(EXTRACTED RECORDS Opens)

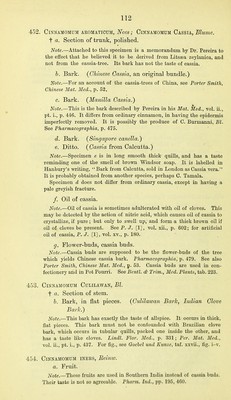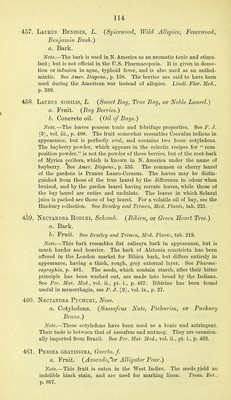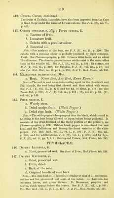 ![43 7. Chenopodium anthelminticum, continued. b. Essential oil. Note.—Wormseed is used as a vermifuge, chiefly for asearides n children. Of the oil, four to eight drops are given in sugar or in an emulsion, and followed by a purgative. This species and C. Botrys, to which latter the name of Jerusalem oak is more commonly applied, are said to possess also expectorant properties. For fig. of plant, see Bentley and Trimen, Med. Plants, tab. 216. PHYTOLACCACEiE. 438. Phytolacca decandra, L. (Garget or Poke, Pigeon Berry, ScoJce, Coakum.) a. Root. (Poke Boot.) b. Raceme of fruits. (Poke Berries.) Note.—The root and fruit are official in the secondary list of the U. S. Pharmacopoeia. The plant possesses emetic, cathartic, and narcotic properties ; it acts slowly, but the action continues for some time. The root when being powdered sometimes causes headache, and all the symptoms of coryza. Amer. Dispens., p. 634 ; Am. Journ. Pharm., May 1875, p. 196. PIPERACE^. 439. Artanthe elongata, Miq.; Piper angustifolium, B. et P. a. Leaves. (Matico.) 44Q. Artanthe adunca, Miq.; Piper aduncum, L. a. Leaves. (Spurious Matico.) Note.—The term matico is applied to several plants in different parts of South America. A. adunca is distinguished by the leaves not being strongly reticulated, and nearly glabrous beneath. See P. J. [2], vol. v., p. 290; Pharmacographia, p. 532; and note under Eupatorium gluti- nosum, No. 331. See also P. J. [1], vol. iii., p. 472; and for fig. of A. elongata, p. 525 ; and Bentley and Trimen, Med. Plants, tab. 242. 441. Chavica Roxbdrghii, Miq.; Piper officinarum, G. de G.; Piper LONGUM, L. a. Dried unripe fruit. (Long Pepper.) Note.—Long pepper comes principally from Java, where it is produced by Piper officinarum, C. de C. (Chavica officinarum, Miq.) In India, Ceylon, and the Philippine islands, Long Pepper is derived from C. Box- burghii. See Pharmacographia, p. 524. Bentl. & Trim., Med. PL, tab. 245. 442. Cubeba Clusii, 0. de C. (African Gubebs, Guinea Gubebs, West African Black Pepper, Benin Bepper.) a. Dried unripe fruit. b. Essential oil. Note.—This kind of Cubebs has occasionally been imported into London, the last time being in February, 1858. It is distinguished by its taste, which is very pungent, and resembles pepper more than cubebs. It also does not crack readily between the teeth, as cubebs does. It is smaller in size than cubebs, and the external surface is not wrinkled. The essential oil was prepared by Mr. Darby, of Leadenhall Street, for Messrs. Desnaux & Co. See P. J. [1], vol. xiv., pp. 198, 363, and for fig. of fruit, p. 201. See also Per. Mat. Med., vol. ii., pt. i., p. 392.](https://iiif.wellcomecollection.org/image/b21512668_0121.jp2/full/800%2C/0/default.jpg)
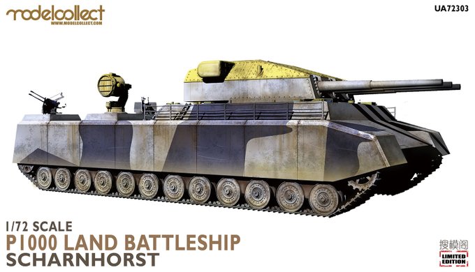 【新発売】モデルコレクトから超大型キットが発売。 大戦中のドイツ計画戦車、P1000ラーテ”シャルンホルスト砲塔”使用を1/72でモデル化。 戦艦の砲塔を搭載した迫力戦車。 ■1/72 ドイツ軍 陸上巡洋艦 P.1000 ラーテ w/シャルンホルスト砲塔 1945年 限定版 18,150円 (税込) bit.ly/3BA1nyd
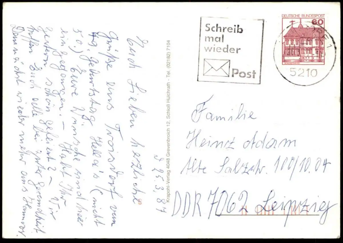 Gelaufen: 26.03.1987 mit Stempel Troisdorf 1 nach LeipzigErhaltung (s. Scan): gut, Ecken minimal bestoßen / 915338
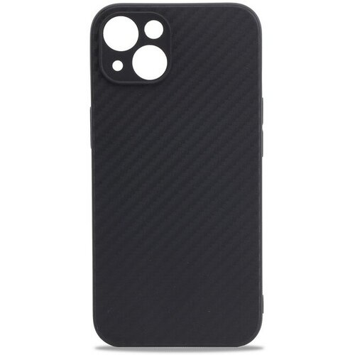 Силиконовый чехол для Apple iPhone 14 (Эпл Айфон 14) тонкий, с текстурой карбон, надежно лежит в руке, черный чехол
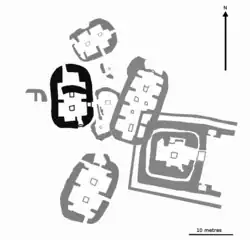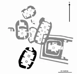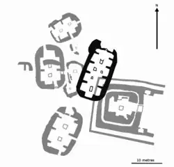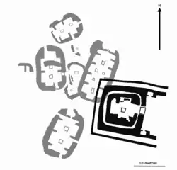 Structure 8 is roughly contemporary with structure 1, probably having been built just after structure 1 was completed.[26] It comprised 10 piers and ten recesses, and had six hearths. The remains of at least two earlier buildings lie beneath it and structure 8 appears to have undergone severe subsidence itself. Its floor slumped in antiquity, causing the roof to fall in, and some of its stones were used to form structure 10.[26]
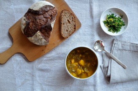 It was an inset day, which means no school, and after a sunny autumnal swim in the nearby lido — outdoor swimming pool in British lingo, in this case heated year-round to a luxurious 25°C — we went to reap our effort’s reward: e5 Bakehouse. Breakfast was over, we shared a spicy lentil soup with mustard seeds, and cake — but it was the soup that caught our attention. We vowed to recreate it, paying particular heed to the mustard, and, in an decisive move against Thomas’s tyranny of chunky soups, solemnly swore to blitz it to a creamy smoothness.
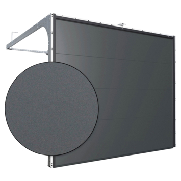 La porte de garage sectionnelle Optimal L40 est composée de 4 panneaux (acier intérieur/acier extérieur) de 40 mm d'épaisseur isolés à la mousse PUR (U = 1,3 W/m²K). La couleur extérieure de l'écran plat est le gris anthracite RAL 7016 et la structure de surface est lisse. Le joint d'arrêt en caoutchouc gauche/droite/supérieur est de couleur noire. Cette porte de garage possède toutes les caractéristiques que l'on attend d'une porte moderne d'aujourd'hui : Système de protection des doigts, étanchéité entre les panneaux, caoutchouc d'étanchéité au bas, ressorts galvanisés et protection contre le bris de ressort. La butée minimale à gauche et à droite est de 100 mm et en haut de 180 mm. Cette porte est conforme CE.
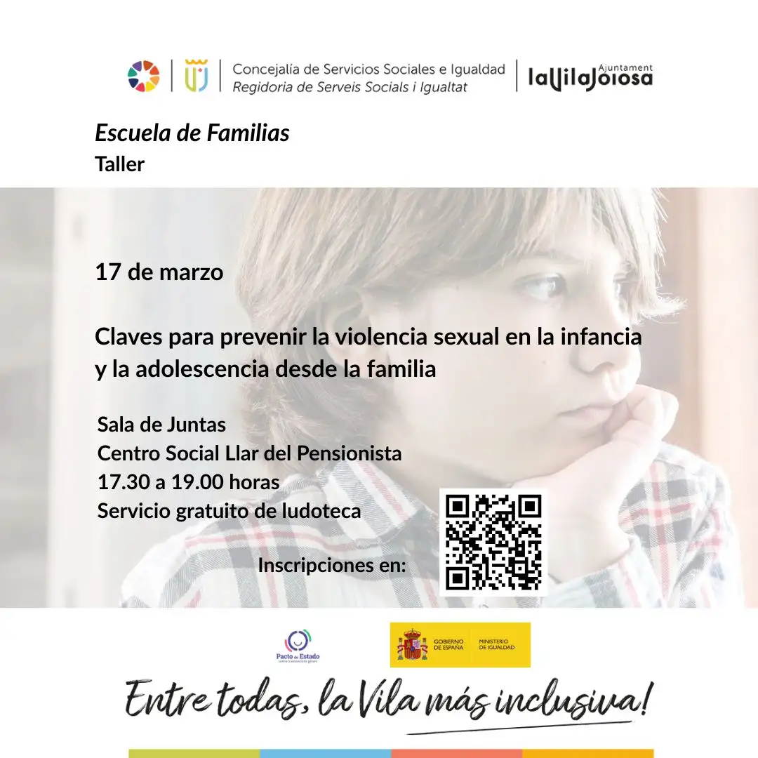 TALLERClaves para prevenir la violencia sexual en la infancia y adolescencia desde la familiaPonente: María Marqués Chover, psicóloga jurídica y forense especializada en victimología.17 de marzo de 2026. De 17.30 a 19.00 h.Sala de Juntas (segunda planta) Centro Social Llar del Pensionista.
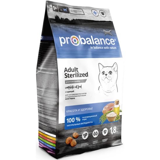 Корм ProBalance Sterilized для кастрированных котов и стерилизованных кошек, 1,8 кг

(EXTRACTED RECORDS Closes)
(EXTRACTED RECORDS Opens)

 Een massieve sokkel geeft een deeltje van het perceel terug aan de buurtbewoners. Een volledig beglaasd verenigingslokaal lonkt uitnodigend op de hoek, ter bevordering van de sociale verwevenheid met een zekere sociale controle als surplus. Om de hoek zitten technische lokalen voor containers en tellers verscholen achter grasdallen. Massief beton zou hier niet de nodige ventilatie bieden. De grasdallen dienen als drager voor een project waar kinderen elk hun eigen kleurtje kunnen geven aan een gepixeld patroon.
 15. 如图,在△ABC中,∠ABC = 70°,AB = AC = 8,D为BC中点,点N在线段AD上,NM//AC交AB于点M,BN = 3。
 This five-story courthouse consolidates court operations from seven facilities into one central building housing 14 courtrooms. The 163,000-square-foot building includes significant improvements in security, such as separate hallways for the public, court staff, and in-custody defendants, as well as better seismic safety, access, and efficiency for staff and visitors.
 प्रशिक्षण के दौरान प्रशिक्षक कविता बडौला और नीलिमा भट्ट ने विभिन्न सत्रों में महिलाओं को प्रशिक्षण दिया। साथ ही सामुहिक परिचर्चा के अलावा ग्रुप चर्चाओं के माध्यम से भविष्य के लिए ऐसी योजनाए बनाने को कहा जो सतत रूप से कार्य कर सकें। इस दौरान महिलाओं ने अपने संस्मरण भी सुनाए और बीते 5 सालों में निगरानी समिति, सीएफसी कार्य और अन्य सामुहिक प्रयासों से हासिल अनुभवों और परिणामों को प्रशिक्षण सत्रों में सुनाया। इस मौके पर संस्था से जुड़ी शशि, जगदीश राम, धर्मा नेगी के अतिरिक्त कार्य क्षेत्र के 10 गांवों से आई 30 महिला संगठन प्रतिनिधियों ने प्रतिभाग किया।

(EXTRACTED RECORDS Closes)
(EXTRACTED RECORDS Opens)

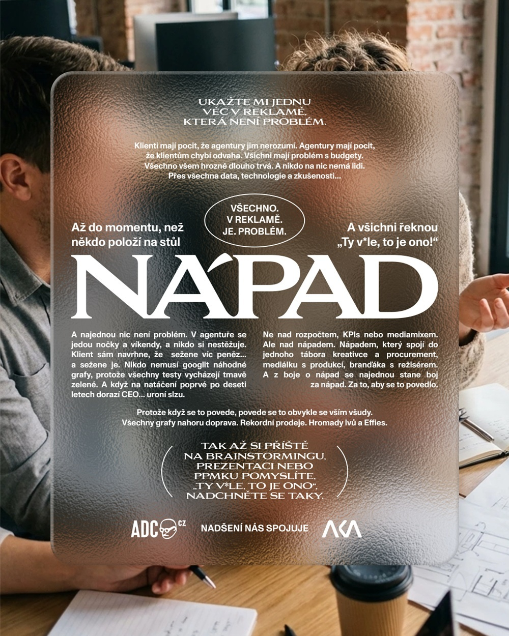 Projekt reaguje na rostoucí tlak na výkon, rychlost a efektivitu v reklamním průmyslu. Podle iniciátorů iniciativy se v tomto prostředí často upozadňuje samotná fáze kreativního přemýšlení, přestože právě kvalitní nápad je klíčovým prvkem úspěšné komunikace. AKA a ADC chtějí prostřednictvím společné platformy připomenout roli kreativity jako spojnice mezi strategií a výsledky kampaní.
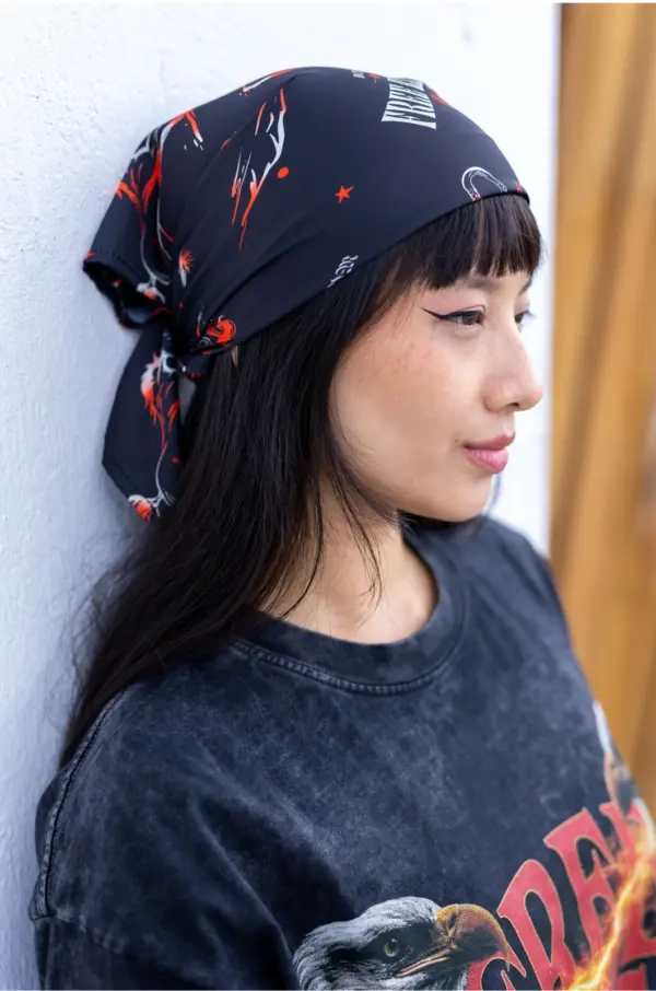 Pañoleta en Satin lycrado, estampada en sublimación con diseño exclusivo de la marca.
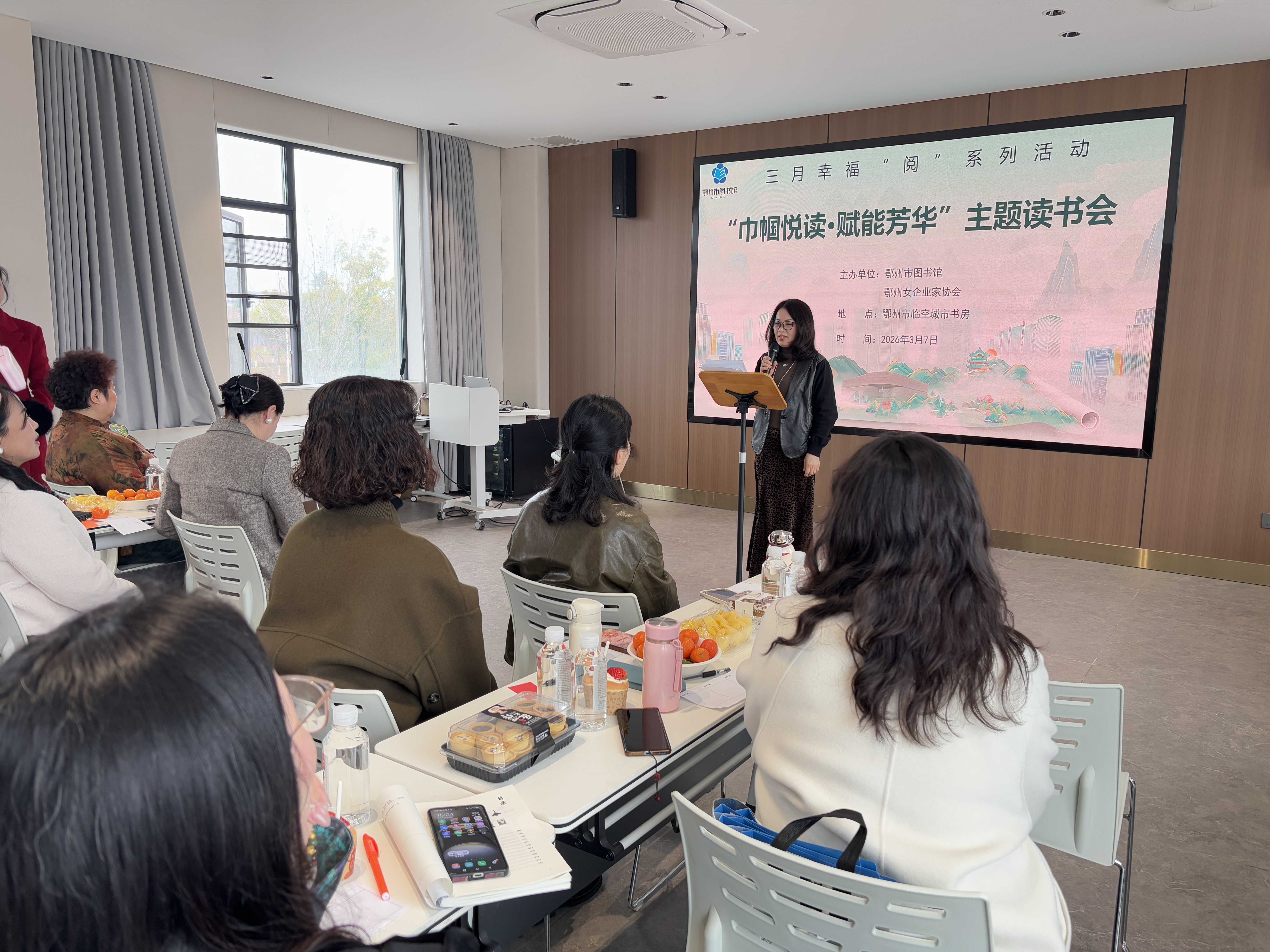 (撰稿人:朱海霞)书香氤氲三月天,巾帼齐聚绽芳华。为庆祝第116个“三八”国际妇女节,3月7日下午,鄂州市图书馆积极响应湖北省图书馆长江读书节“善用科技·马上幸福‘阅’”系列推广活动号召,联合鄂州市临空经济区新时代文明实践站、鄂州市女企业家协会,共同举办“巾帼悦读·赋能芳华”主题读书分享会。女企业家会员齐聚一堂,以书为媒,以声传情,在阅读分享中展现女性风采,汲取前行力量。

(EXTRACTED RECORDS Closes)

> [WHAT YOU WILL DO]
Give only the lines from the one holding "15. 如图,在△ABC中,∠ABC = 70°,AB" through the one holding "This five-story courthouse", each restated exactly as it appears above.

> [ANSWER BOX]
 15. 如图,在△ABC中,∠ABC = 70°,AB = AC = 8,D为BC中点,点N在线段AD上,NM//AC交AB于点M,BN = 3。
 This five-story courthouse consolidates court operations from seven facilities into one central building housing 14 courtrooms. The 163,000-square-foot building includes significant improvements in security, such as separate hallways for the public, court staff, and in-custody defendants, as well as better seismic safety, access, and efficiency for staff and visitors.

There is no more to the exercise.